#### Extracted records
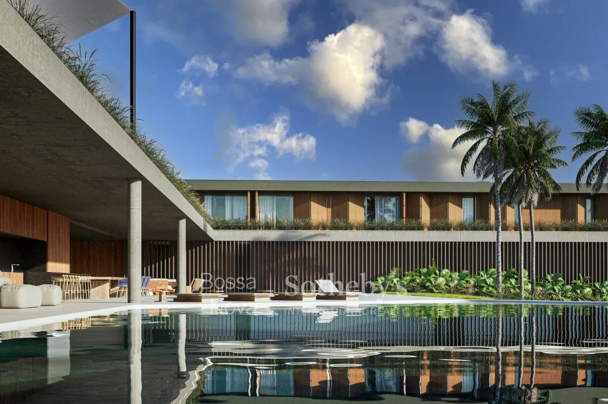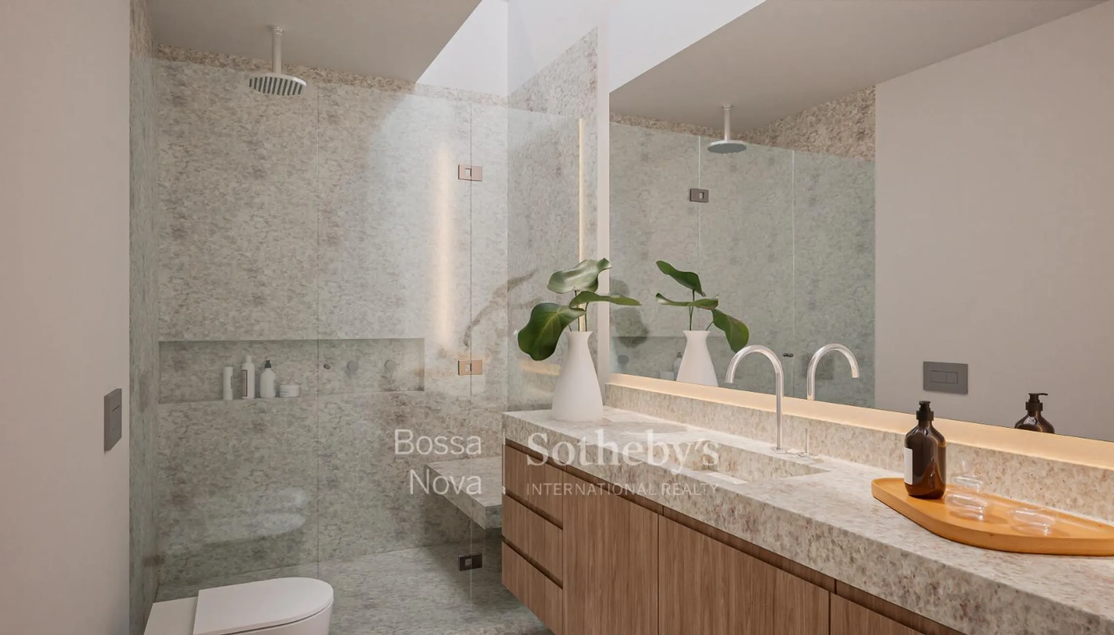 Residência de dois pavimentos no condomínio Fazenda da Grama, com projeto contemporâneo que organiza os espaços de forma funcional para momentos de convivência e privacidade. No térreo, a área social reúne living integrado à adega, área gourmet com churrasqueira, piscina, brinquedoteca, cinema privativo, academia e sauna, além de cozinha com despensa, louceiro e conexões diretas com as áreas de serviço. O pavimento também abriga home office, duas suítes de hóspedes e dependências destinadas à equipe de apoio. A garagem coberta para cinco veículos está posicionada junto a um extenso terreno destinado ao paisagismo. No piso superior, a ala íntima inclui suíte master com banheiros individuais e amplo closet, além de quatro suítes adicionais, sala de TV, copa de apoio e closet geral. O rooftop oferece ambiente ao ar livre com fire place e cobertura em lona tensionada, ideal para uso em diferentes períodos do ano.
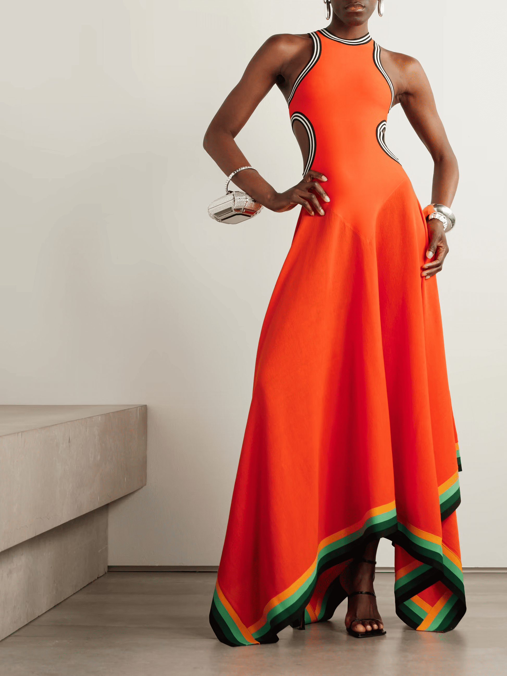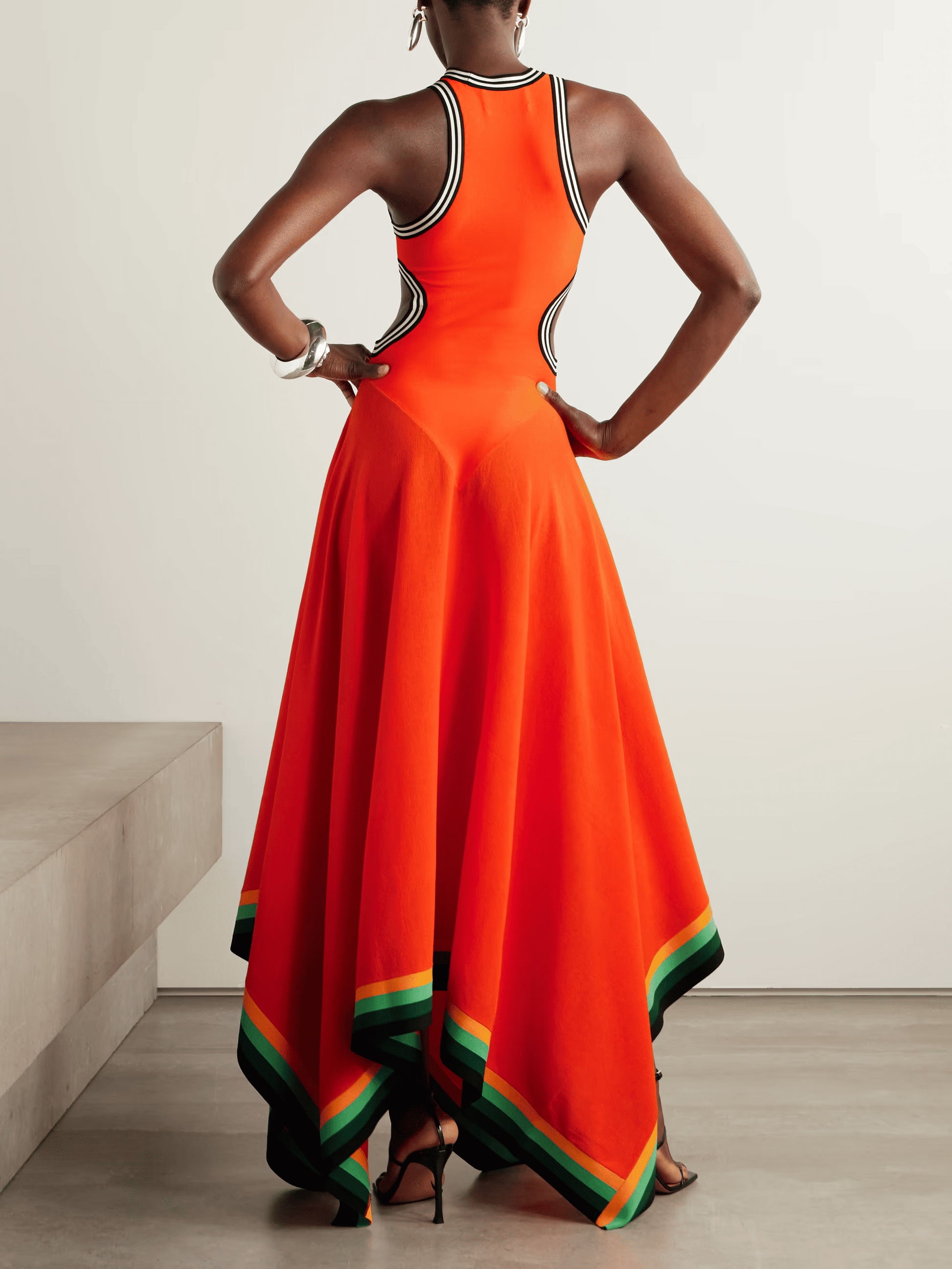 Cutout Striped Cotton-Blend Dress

==

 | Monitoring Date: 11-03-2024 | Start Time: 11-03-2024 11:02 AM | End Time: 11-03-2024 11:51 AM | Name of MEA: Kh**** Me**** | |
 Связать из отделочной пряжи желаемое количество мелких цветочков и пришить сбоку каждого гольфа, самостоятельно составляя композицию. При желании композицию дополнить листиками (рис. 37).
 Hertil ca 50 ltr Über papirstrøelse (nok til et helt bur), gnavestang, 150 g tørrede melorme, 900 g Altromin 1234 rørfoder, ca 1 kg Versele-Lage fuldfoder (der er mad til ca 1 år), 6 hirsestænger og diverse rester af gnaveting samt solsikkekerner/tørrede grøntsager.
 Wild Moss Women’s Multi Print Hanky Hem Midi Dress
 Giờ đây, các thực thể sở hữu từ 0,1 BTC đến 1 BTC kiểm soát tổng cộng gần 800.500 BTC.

#### Task requirements
Print the part of the listing above that opens with the line containing "Residência de dois" and closes with the line containing "Cutout Striped Cotton-Blend Dress". Copy it exactly, both ends included, and omit the pictures.

#### Output of the exercise
 Residência de dois pavimentos no condomínio Fazenda da Grama, com projeto contemporâneo que organiza os espaços de forma funcional para momentos de convivência e privacidade. No térreo, a área social reúne living integrado à adega, área gourmet com churrasqueira, piscina, brinquedoteca, cinema privativo, academia e sauna, além de cozinha com despensa, louceiro e conexões diretas com as áreas de serviço. O pavimento também abriga home office, duas suítes de hóspedes e dependências destinadas à equipe de apoio. A garagem coberta para cinco veículos está posicionada junto a um extenso terreno destinado ao paisagismo. No piso superior, a ala íntima inclui suíte master com banheiros individuais e amplo closet, além de quatro suítes adicionais, sala de TV, copa de apoio e closet geral. O rooftop oferece ambiente ao ar livre com fire place e cobertura em lona tensionada, ideal para uso em diferentes períodos do ano.
 Cutout Striped Cotton-Blend Dress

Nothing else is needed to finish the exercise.